Sitting on a bench between her two sisters, happily eating funnel cake Monday, 6-year-old Hope Arce-Reed enjoyed her time at the Greenbelt Labor Day Festival.
"I went on one ride," the Greenbelt Elementary School first-grader said with a wide grin. "It was good."
Hope was among thousands of Greenbelt and surrounding area residents who attended the 54th annual festival at the Roosevelt Center. Hope's mother, Esther, brought her daughters there for the first time.
"We just moved here, and this is very different," she said. "There are a lot of people and a lot of different ethnic backgrounds and cultures represented and that was something we wanted to be a part of."
The event featured carnival rides, games, softball tournaments, photo and art shows, food and information vendors, arts and crafts, pageants and live bands, including regular favorite, the Fabulous Hubcaps.
Linda Ivy, president of the Greenbelt Labor Day Festival Committee, said the event is about more than carnival rides, games and food.
"There're so many things to do that there's enough to pique everyone's interest," she said. "This brings the community back. One thing I love is that people who've left Greenbelt come back for at least a day."
The four-day festival began Friday and wrapped up on Monday, hours after the Labor Day parade. The parade's Grand Marshall was the festival's 2008 Outstanding Citizen, Leonie Penney, 90, honored for her contributions to the Greenbelt Assistance in Living program.

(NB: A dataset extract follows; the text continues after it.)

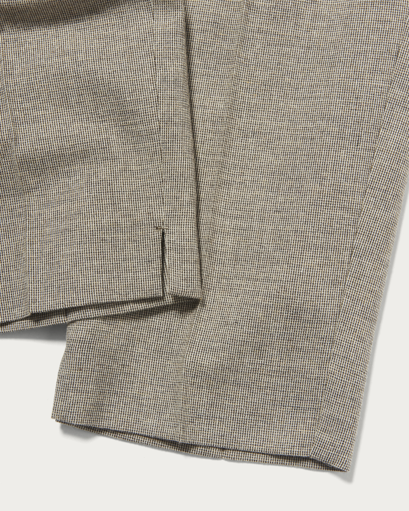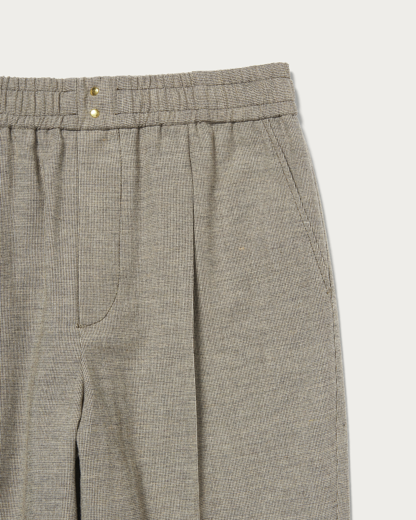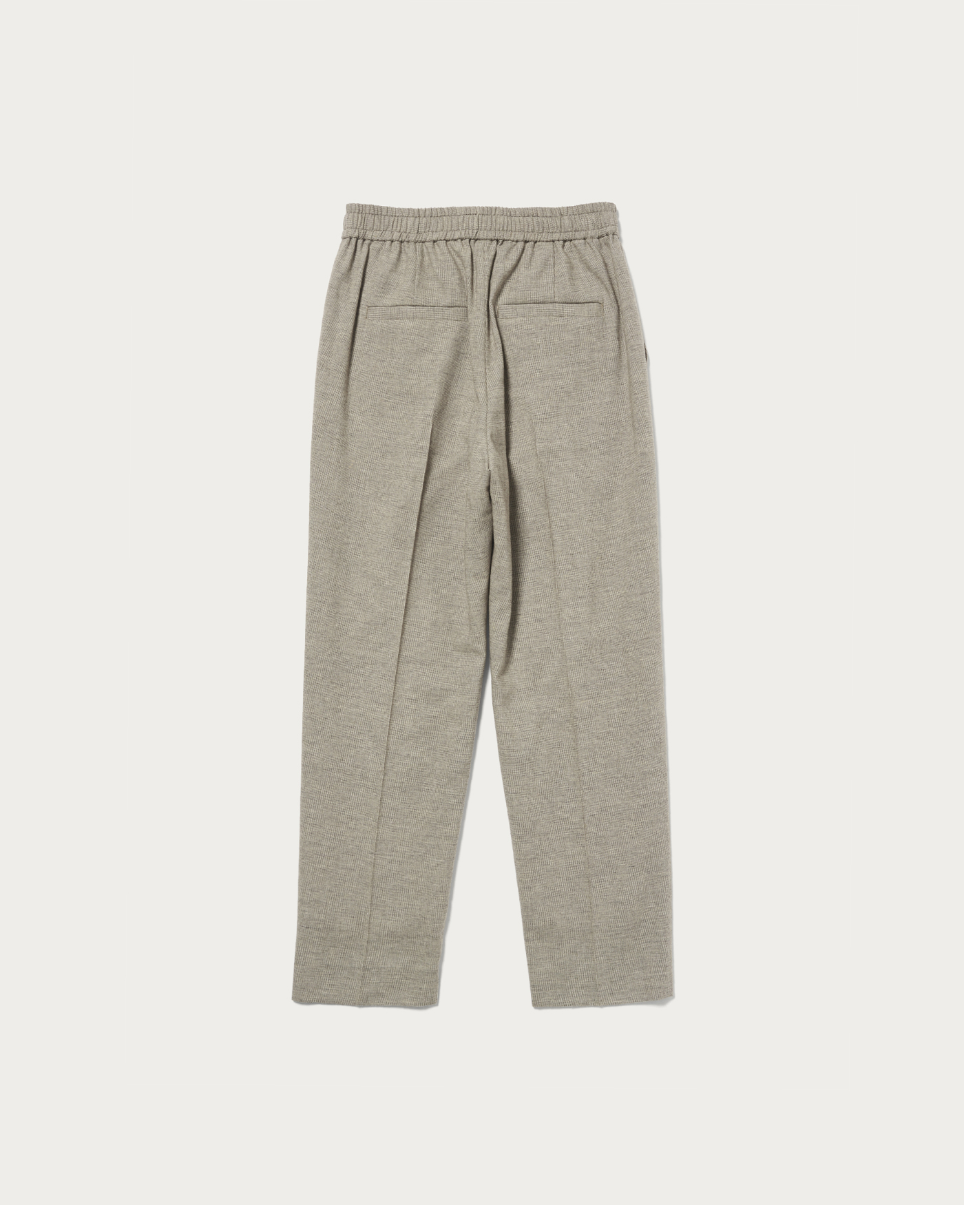The wide tapered silhouette pants made from lightweight Saxony fabric offer the warmth and elegant silhouette unique to wool. The elastic waistband provides a relaxed feel, while the amount of gathering around the waist is moderately adjusted, allowing for a look that is not overly casual.

Karine Stefchner, owner of The Food Station vending booth, has been selling homemade potato chips, shrimp, sausages and more at the festival for 17 years.
"It's family," she said. "I know a lot of people here from over the years."

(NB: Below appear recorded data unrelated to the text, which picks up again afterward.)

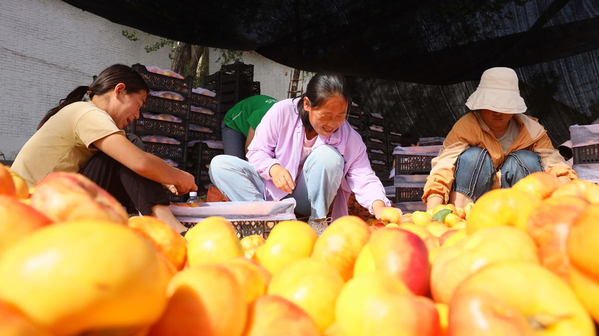 在南宫市大高村镇刘孟村油蟠桃种植基地,果农们在分拣刚采摘下来的油蟠桃。新华网发 田优 摄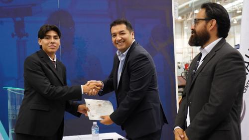 En la ceremonia de graduación, Roberto Esquivel, director de Vinculación del Cecytech, resaltó que este modelo acerca a los jóvenes a la industria y a las necesidades reales del mercado laboral.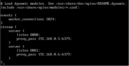 1.Nginx安装后,需要配置请求转发规则,告诉Nginx哪个端口收到的请求,应该转发到后端哪个Redis实例。

Another staple, The Eleanor and Franklin Roosevelt Democratic Club sponsored a lemonade and funnel cakes booth and registered voters. Member Jane Ross said the club has come annually for about 15 years.
"In two days we've registered lots of people to vote," Ross said. "This is a wonderful fundraiser and is one of the biggest events in Greenbelt every year— a good place to meet people."
Lou Parker is such a regular that people seek him out and tell him they wait all year to get barbecue ribs from his booth. Sponsored by the Greenbelt Arts Center, Parker is so impassioned and committed to being able to contribute to the arts center that he sometimes closes his nearby bakery, Chef Lou's Desserts, so he can spend all his time cooking at the festival.
He doesn't mind that this sometimes causes him to lose money, he said. He feels it necessary to use his talent as a professional chef to help raise funds, he said.
"As a Washingtonian, I grew up watching how businesses had a hard time giving back to the community, like they were just there to make money," Parker said. "At an early age, it struck me – if you are a business owner in a community, you have a responsibility to give back. It shouldn't be about how much you can make, but what you're willing to give back."
Parker couldn't imagine not being involved, he said.
"You ask yourself, Do you become a fabric of the community? Or do you just open up your business and go home?'" he said. "No. You become a part."